Review: Takamine Koji Whiskey

Japanese chemist Dr. Jokichi Takamine was granted the first-ever patent for a microbial enzyme in the United States in 1894. It was for his Takamine Process to use koji to make enzymes for whiskey. The same year “the father of Japanese whisky,” Masataka Taketsuru, was born. Dr. Takamine’s work in the field pre-dates nearly the entire history of Japanese whisky. Tonight we’re drinking the first whiskey to carry his name and pay homage to the man by being fermented with koji. It’s called Takamine Whiskey.

Takamine Whiskey is made by Asakura, Fukuoka-based Shinozaki. The company’s goal is to “contribute to society with products made using koji.” As of this writing, the 8-year matured, 40% abv Takamine Whisky isn’t available in Japan. Instead, it’s exported to the US by Honkaku Spirits.

The story of Dr. Takamine’s work with whiskey re-emerged a few years ago, thanks in part to this great post in 2017 by Boston Apothecary.
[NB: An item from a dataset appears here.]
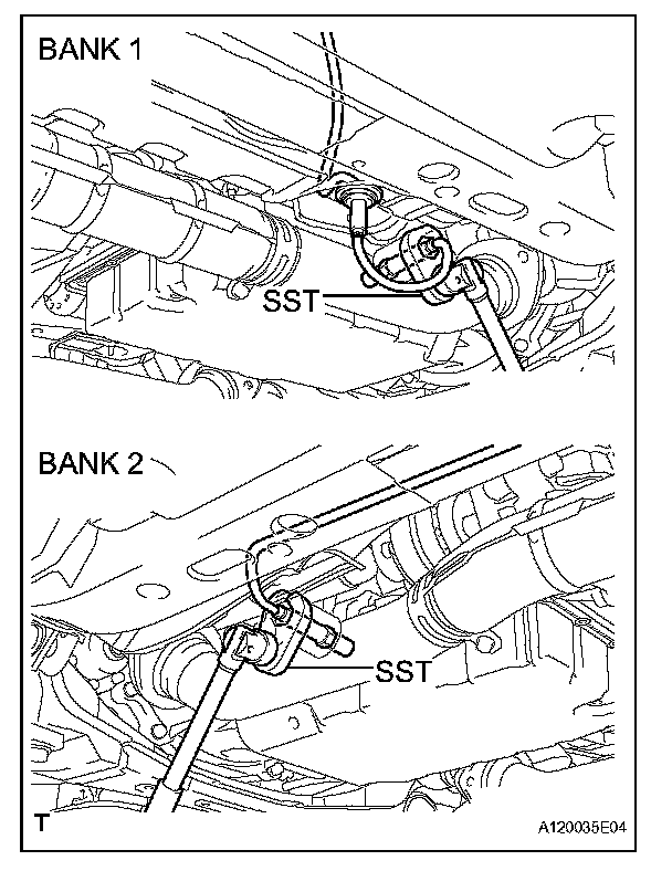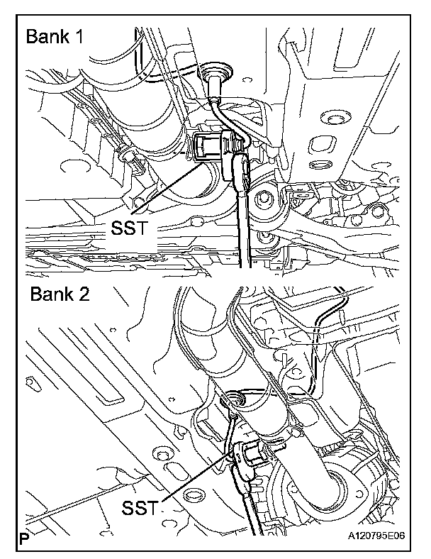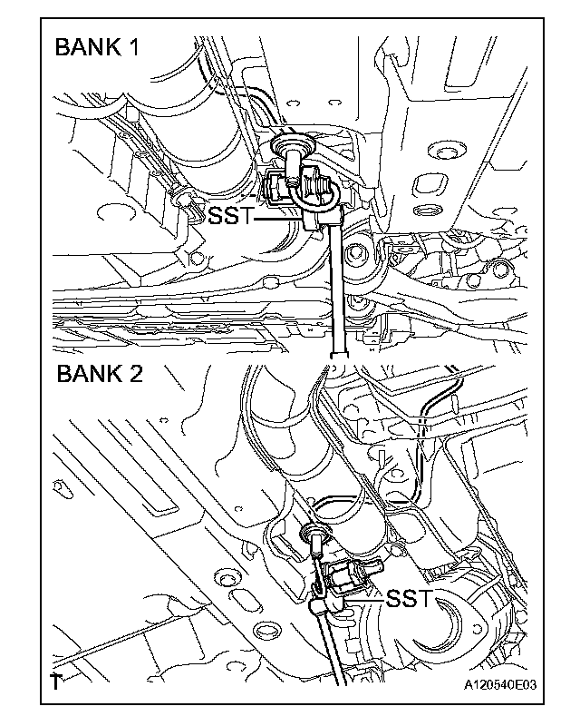 b. Using the SST, remove the oxygen sensor to the exhaust pipe assembly.

At the behest of the Peoria, Illinois-based Whiskey Trust, Japanese chemist Dr. Jokichi Takamine tried to teach the US spirits industry how to use koji to make whiskey more efficiently in the late 19th century. Unfortunately for Takamine, the Whiskey Trust was a pretty dangerous place to be in those days. Although the Trust’s members were “no longer interested in the price of dynamite,” Takamine’s distillery burned down under mysterious circumstances. While he was able to restart his experiments after the fire, the Whiskey Trust was still embroiled in a financial scandal. Takamine’s project was shut down to prevent “unfair advantage.” His whiskey got lost to history.
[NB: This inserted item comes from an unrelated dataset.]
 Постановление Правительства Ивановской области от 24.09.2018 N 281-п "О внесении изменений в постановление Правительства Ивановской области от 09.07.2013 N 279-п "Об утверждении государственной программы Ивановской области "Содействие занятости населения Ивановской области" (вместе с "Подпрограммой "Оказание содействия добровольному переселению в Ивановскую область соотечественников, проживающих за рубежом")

Until now. It’s a great story, already told better by Kanpai Planet than me, and there are plenty of rabbit holes to go down if you click around. Why fungi like koji can be more efficient than malting, the history of Whiskey Trust, and Takamine’s story before and after Peoria. In manga form, too. Per a recent Whisky Galore article (English translation forthcoming), Shinozaki did quite a lot of experimentation using koji to make Takamine’s whisky, attempting to reproduce his process as accurately as possible.

Did they succeed? The official site for Takamine Whiskey says it’s “made with the patented Takamine Process,” so they must have, to some degree.

The rabbit hole we’ll go down for this review: what exactly is that Takamine Process? The answer is complex because Takamine filed patents in several different countries, and the Takamine Process itself evolved as the doctor’s experimentation was ongong. An early patent filed in the US in 1889, for example, somewhat simply describes using koji to make wort stronger. We’ll take a look at his 1894 “Process of Making Diastatic Enzyme” below.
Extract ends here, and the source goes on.